The problem | Repeat, exactly as written, all of the entries, but not their pictures.

★ ★ ★ ★

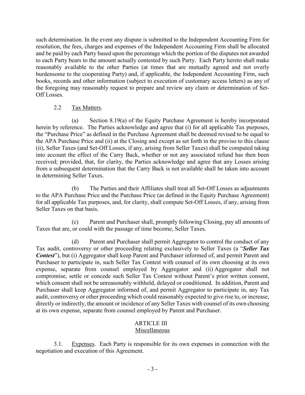- 3 - such determination. In the event any dispute is submitted to the Independent Accounting Firm for resolution, the fees, charges and expenses of the Independent Accounting Firm shall be allocated and be paid by each Party based upon the percentage which the portion of the disputes not awarded to each Party bears to the amount actually contested by such Party. Each Party hereto shall make reasonably available to the other Parties (at times that are mutually agreed and not overly burdensome to the cooperating Party) and, if applicable, the Independent Accounting Firm, such books, records and other information (subject to execution of customary access letters) as any of the foregoing may reasonably request to prepare and review any claim or determination of Set- Off Losses. 2.2 Tax Matters. (a) Section 8.19(a) of the Equity Purchase Agreement is hereby incorporated herein by reference. The Parties acknowledge and agree that (i) for all applicable Tax purposes, the “Purchase Price” as defined in the Purchase Agreement shall be deemed revised to be equal to the APA Purchase Price and (ii) at the Closing and except as set forth in the proviso to this clause (ii), Seller Taxes (and Set-Off Losses, if any, arising from Seller Taxes) shall be computed taking into account the effect of the Carry Back, whether or not any associated refund has then been received; provided, that, for clarity, the Parties acknowledge and agree that any Losses arising from a subsequent determination that the Carry Back is not available shall be taken into account in determining Seller Taxes. (b) The Parties and their Affiliates shall treat all Set-Off Losses as adjustments to the APA Purchase Price and the Purchase Price (as defined in the Equity Purchase Agreement) for all applicable Tax purposes, and, for clarity, shall compute Set-Off Losses, if any, arising from Seller Taxes on that basis. (c) Parent and Purchaser shall, promptly following Closing, pay all amounts of Taxes that are, or could with the passage of time become, Seller Taxes. (d) Parent and Purchaser shall permit Aggregator to control the conduct of any Tax audit, controversy or other proceeding relating exclusively to Seller Taxes (a “Seller Tax Contest”), but (i) Aggregator shall keep Parent and Purchaser informed of, and permit Parent and Purchaser to participate in, such Seller Tax Contest with counsel of its own choosing at its own expense, separate from counsel employed by Aggregator and (ii) Aggregator shall not compromise, settle or concede such Seller Tax Contest without Parent’s prior written consent, which consent shall not be unreasonably withheld, delayed or conditioned. In addition, Parent and Purchaser shall keep Aggregator informed of, and permit Aggregator to participate in, any Tax audit, controversy or other proceeding which could reasonably expected to give rise to, or increase, directly or indirectly, the amount or incidence of any Seller Taxes with counsel of its own choosing at its own expense, separate from counsel employed by Parent and Purchaser. ARTICLE III Miscellaneous 3.1. Expenses. Each Party is responsible for its own expenses in connection with the negotiation and execution of this Agreement.
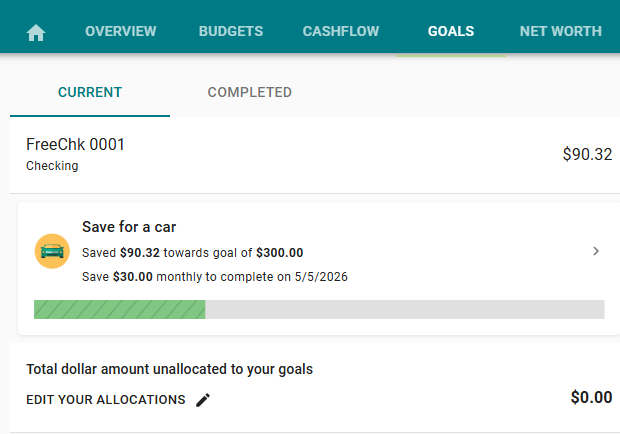 Your Goal Summary will update automatically, showing your progress, estimated completion date, and recommended monthly contributions based on your account activity.
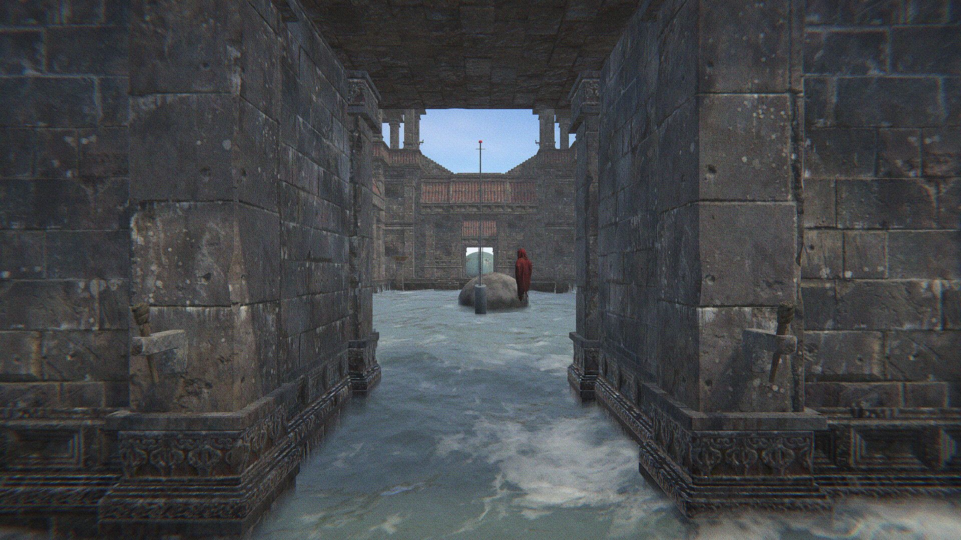 All environments stretch across a shifting water surface that mirrors the world around you, giving it a dreamlike, sometimes unsettling quality. You move through floating platforms, vast landscapes, silent buildings, long corridors, and wide open spaces where brighter passages alternate with subtly oppressive corners. The peculiar architecture, empty rooms, endless horizons, and the water beneath you create worlds that are both fascinating and strangely unstable.
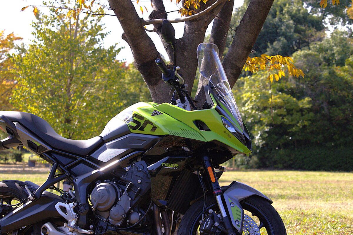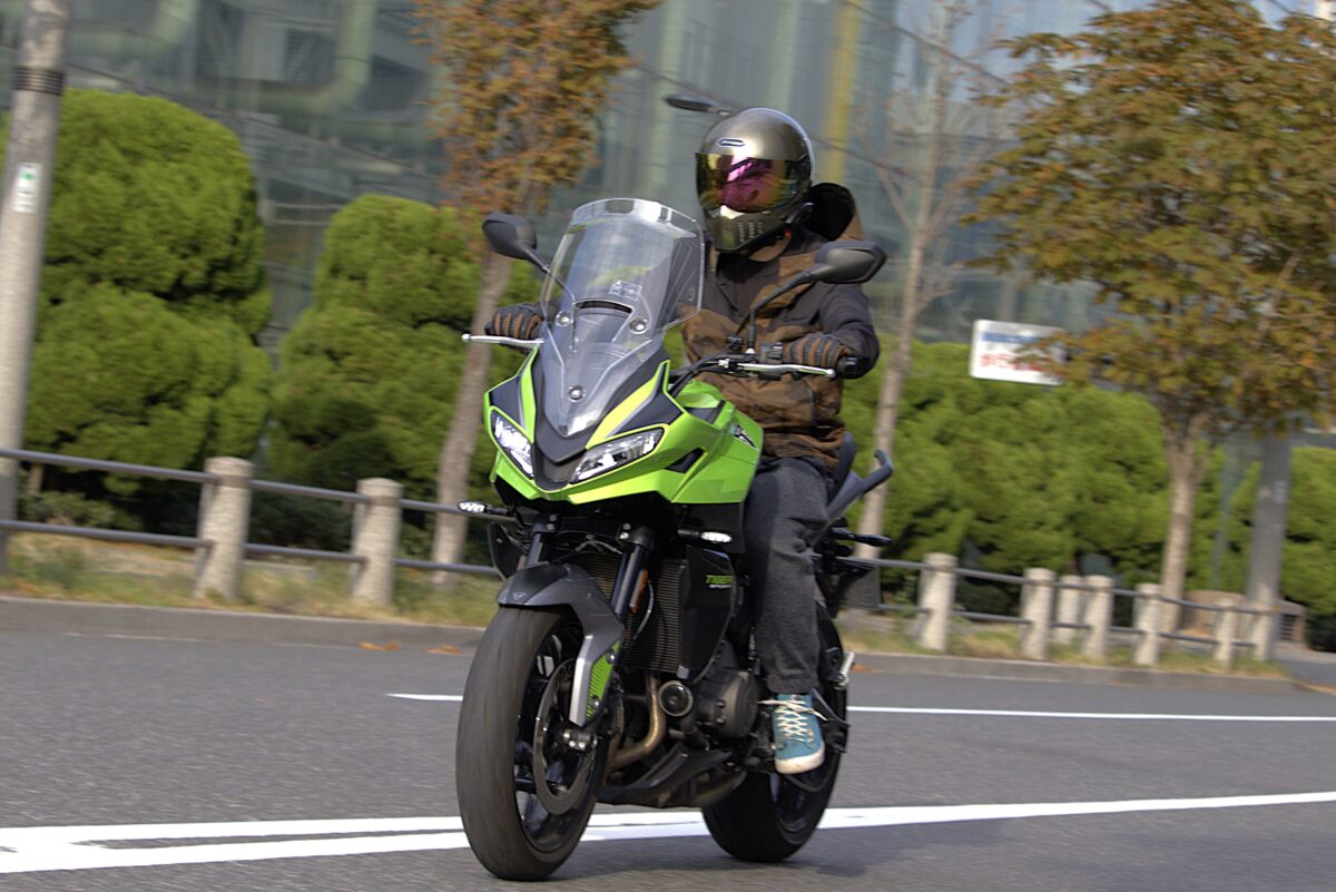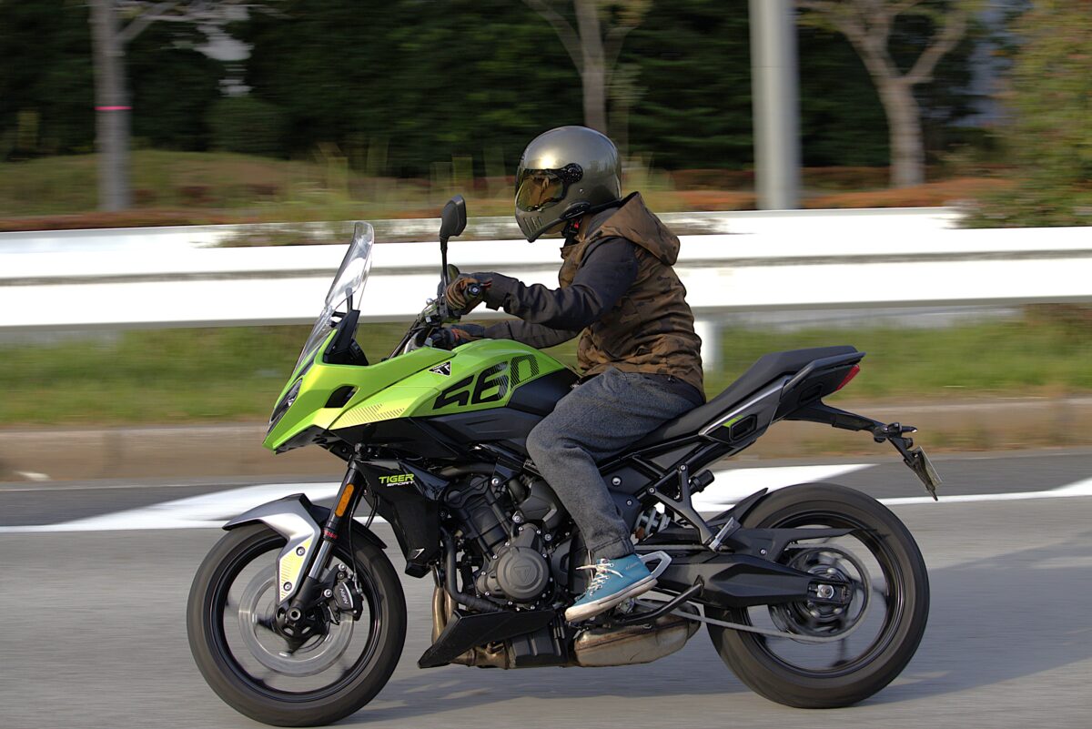 Tiger Sport 660はオンロードマシンに近い安定した走りが特徴で、街乗りではマイルドさが安全性につながり、高速道路では余裕ある巡航性能を発揮する万能型だ。
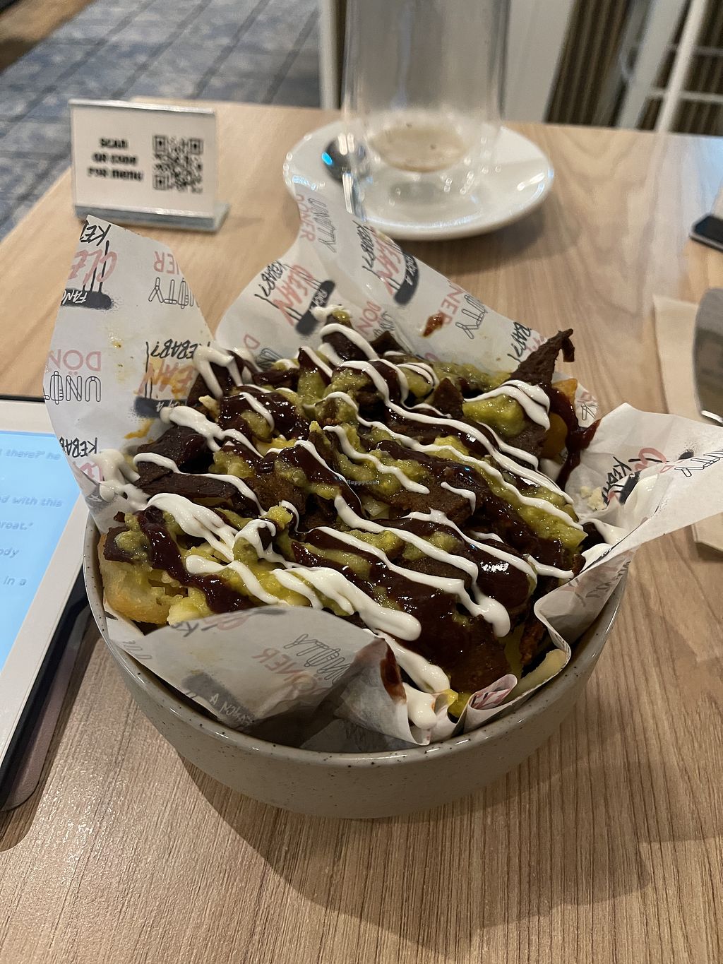 Been meaning to try UD for ages and finally went at the random hour of 4pm for a hot chai and a snack. Personally, the whole menu is not my style at all, very fast foody. I chose the chai latte and donner chips. The chai was one of the yummiest I’ve honestly ever had, and the chips were really yum. Will def come back, but would loveee to see some healthier things on the menu, soups, curries, stir fry - just something a bit fresh! The service was stun but the food took ages to come out, which is why it’s a 4/5 not 5/5.
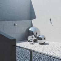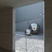 The square building features a unique architectural design with a flowing staircase that spirals gracefully around its walls, providing both functionality and aesthetic appeal. At the centre lies an atrium, which serves as a serene focal point, filled with lush greenery or an elegant arrangement of smooth pebbles complemented by reflective gazing balls. This combination of natural elements and thoughtful design creates a tranquil atmosphere, inviting visitors to pause and appreciate the harmonious blend of indoor and outdoor spaces.

★ ★ ★ ★

Solution below |
- 3 - such determination. In the event any dispute is submitted to the Independent Accounting Firm for resolution, the fees, charges and expenses of the Independent Accounting Firm shall be allocated and be paid by each Party based upon the percentage which the portion of the disputes not awarded to each Party bears to the amount actually contested by such Party. Each Party hereto shall make reasonably available to the other Parties (at times that are mutually agreed and not overly burdensome to the cooperating Party) and, if applicable, the Independent Accounting Firm, such books, records and other information (subject to execution of customary access letters) as any of the foregoing may reasonably request to prepare and review any claim or determination of Set- Off Losses. 2.2 Tax Matters. (a) Section 8.19(a) of the Equity Purchase Agreement is hereby incorporated herein by reference. The Parties acknowledge and agree that (i) for all applicable Tax purposes, the “Purchase Price” as defined in the Purchase Agreement shall be deemed revised to be equal to the APA Purchase Price and (ii) at the Closing and except as set forth in the proviso to this clause (ii), Seller Taxes (and Set-Off Losses, if any, arising from Seller Taxes) shall be computed taking into account the effect of the Carry Back, whether or not any associated refund has then been received; provided, that, for clarity, the Parties acknowledge and agree that any Losses arising from a subsequent determination that the Carry Back is not available shall be taken into account in determining Seller Taxes. (b) The Parties and their Affiliates shall treat all Set-Off Losses as adjustments to the APA Purchase Price and the Purchase Price (as defined in the Equity Purchase Agreement) for all applicable Tax purposes, and, for clarity, shall compute Set-Off Losses, if any, arising from Seller Taxes on that basis. (c) Parent and Purchaser shall, promptly following Closing, pay all amounts of Taxes that are, or could with the passage of time become, Seller Taxes. (d) Parent and Purchaser shall permit Aggregator to control the conduct of any Tax audit, controversy or other proceeding relating exclusively to Seller Taxes (a “Seller Tax Contest”), but (i) Aggregator shall keep Parent and Purchaser informed of, and permit Parent and Purchaser to participate in, such Seller Tax Contest with counsel of its own choosing at its own expense, separate from counsel employed by Aggregator and (ii) Aggregator shall not compromise, settle or concede such Seller Tax Contest without Parent’s prior written consent, which consent shall not be unreasonably withheld, delayed or conditioned. In addition, Parent and Purchaser shall keep Aggregator informed of, and permit Aggregator to participate in, any Tax audit, controversy or other proceeding which could reasonably expected to give rise to, or increase, directly or indirectly, the amount or incidence of any Seller Taxes with counsel of its own choosing at its own expense, separate from counsel employed by Parent and Purchaser. ARTICLE III Miscellaneous 3.1. Expenses. Each Party is responsible for its own expenses in connection with the negotiation and execution of this Agreement.
 Your Goal Summary will update automatically, showing your progress, estimated completion date, and recommended monthly contributions based on your account activity.
 All environments stretch across a shifting water surface that mirrors the world around you, giving it a dreamlike, sometimes unsettling quality. You move through floating platforms, vast landscapes, silent buildings, long corridors, and wide open spaces where brighter passages alternate with subtly oppressive corners. The peculiar architecture, empty rooms, endless horizons, and the water beneath you create worlds that are both fascinating and strangely unstable.
 Tiger Sport 660はオンロードマシンに近い安定した走りが特徴で、街乗りではマイルドさが安全性につながり、高速道路では余裕ある巡航性能を発揮する万能型だ。
 Been meaning to try UD for ages and finally went at the random hour of 4pm for a hot chai and a snack. Personally, the whole menu is not my style at all, very fast foody. I chose the chai latte and donner chips. The chai was one of the yummiest I’ve honestly ever had, and the chips were really yum. Will def come back, but would loveee to see some healthier things on the menu, soups, curries, stir fry - just something a bit fresh! The service was stun but the food took ages to come out, which is why it’s a 4/5 not 5/5.
 The square building features a unique architectural design with a flowing staircase that spirals gracefully around its walls, providing both functionality and aesthetic appeal. At the centre lies an atrium, which serves as a serene focal point, filled with lush greenery or an elegant arrangement of smooth pebbles complemented by reflective gazing balls. This combination of natural elements and thoughtful design creates a tranquil atmosphere, inviting visitors to pause and appreciate the harmonious blend of indoor and outdoor spaces.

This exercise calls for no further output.